> **PROVIDED ENTRIES**:
* * *

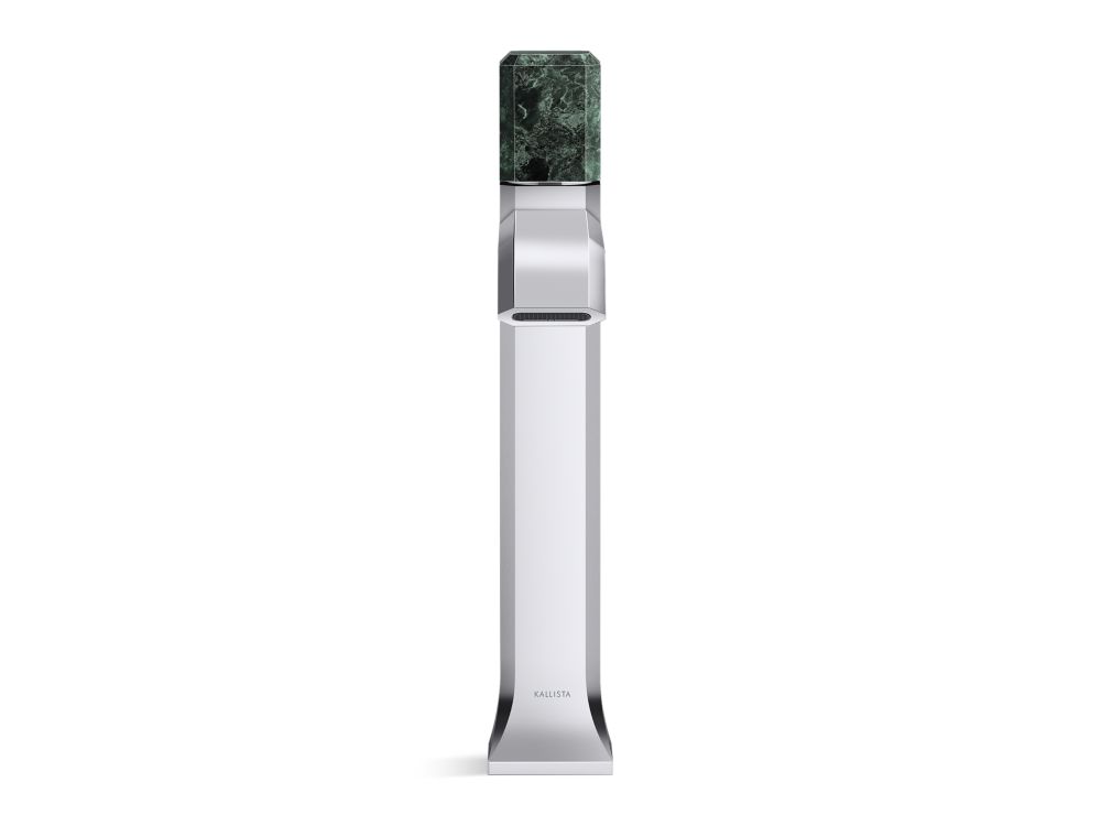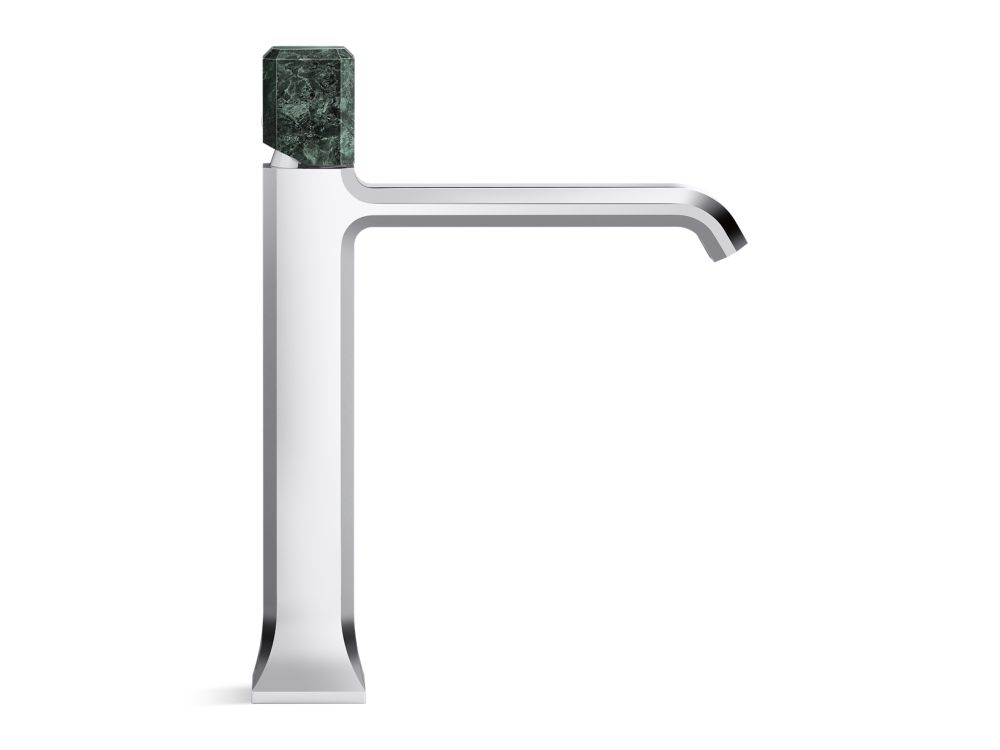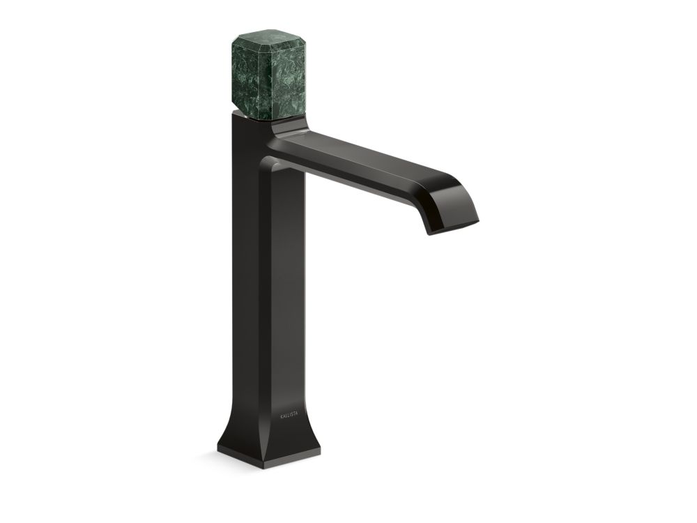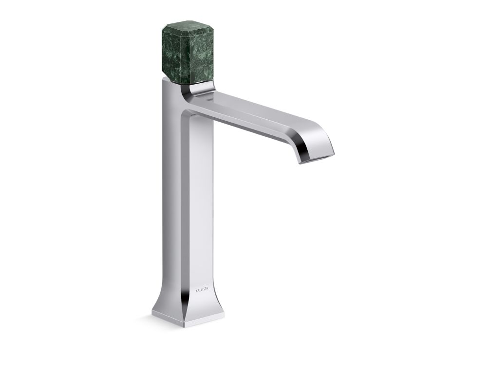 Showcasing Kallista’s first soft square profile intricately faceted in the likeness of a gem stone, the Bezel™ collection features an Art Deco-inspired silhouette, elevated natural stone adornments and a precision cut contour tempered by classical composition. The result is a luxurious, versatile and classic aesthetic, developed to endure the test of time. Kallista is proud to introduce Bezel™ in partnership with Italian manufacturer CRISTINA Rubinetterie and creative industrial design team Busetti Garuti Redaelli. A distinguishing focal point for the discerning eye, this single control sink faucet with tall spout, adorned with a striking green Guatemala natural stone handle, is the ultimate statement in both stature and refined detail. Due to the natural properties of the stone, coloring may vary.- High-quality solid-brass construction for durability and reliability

* * *

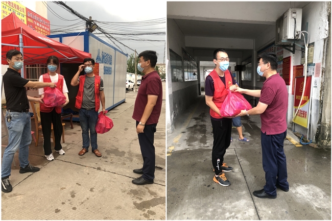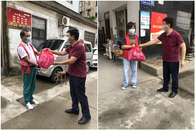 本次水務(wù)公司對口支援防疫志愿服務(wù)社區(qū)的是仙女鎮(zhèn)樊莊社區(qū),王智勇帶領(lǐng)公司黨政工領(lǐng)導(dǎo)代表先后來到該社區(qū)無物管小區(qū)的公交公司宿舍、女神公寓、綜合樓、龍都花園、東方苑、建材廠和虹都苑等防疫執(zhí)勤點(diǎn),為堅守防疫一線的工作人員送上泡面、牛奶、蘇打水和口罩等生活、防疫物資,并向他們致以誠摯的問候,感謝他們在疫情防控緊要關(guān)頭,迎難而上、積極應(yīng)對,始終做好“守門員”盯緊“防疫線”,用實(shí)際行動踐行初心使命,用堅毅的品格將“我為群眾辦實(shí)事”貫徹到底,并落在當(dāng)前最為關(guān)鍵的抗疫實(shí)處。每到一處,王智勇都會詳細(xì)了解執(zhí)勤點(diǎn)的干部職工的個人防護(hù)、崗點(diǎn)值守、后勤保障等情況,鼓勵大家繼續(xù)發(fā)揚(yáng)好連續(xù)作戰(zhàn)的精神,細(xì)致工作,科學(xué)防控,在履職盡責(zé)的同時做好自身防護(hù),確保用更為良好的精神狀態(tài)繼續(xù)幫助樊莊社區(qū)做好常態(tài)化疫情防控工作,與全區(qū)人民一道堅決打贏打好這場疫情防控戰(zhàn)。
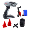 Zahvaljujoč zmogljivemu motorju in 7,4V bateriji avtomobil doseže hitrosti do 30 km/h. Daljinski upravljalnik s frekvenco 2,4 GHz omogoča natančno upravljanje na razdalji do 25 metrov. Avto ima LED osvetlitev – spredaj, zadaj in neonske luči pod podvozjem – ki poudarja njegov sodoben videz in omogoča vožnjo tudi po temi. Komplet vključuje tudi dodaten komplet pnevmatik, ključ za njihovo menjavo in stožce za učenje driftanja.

* * *

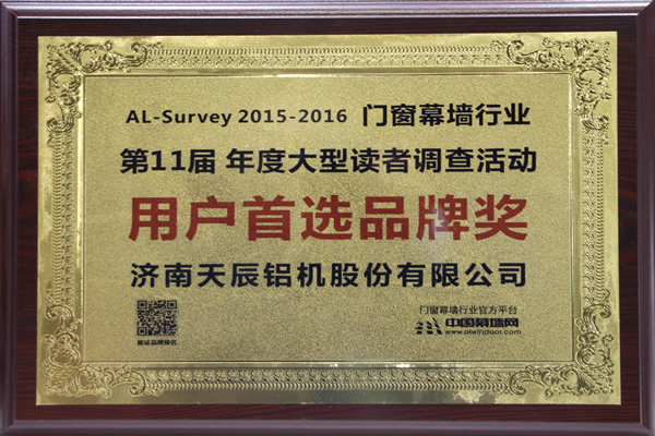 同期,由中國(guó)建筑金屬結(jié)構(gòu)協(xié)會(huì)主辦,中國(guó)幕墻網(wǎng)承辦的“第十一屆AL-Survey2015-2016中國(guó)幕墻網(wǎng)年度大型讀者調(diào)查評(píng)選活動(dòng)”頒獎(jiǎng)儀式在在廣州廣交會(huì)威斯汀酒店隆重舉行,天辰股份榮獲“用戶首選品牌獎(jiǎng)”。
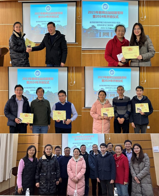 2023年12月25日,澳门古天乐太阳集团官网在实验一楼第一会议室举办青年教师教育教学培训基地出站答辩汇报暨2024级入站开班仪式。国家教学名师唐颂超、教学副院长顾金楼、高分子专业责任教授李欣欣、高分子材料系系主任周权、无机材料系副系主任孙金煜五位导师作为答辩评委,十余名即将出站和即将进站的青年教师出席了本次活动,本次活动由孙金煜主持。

* * *

> **EXERCISE REQUIREMENTS**: Reproduce exactly, with no pictures, the lines above from the one holding "同期,由中國(guó)建筑金" to the one holding "2023年12月25日,澳门", inclusive.

> **YOUR SOLUTION**:
 同期,由中國(guó)建筑金屬結(jié)構(gòu)協(xié)會(huì)主辦,中國(guó)幕墻網(wǎng)承辦的“第十一屆AL-Survey2015-2016中國(guó)幕墻網(wǎng)年度大型讀者調(diào)查評(píng)選活動(dòng)”頒獎(jiǎng)儀式在在廣州廣交會(huì)威斯汀酒店隆重舉行,天辰股份榮獲“用戶首選品牌獎(jiǎng)”。
 2023年12月25日,澳门古天乐太阳集团官网在实验一楼第一会议室举办青年教师教育教学培训基地出站答辩汇报暨2024级入站开班仪式。国家教学名师唐颂超、教学副院长顾金楼、高分子专业责任教授李欣欣、高分子材料系系主任周权、无机材料系副系主任孙金煜五位导师作为答辩评委,十余名即将出站和即将进站的青年教师出席了本次活动,本次活动由孙金煜主持。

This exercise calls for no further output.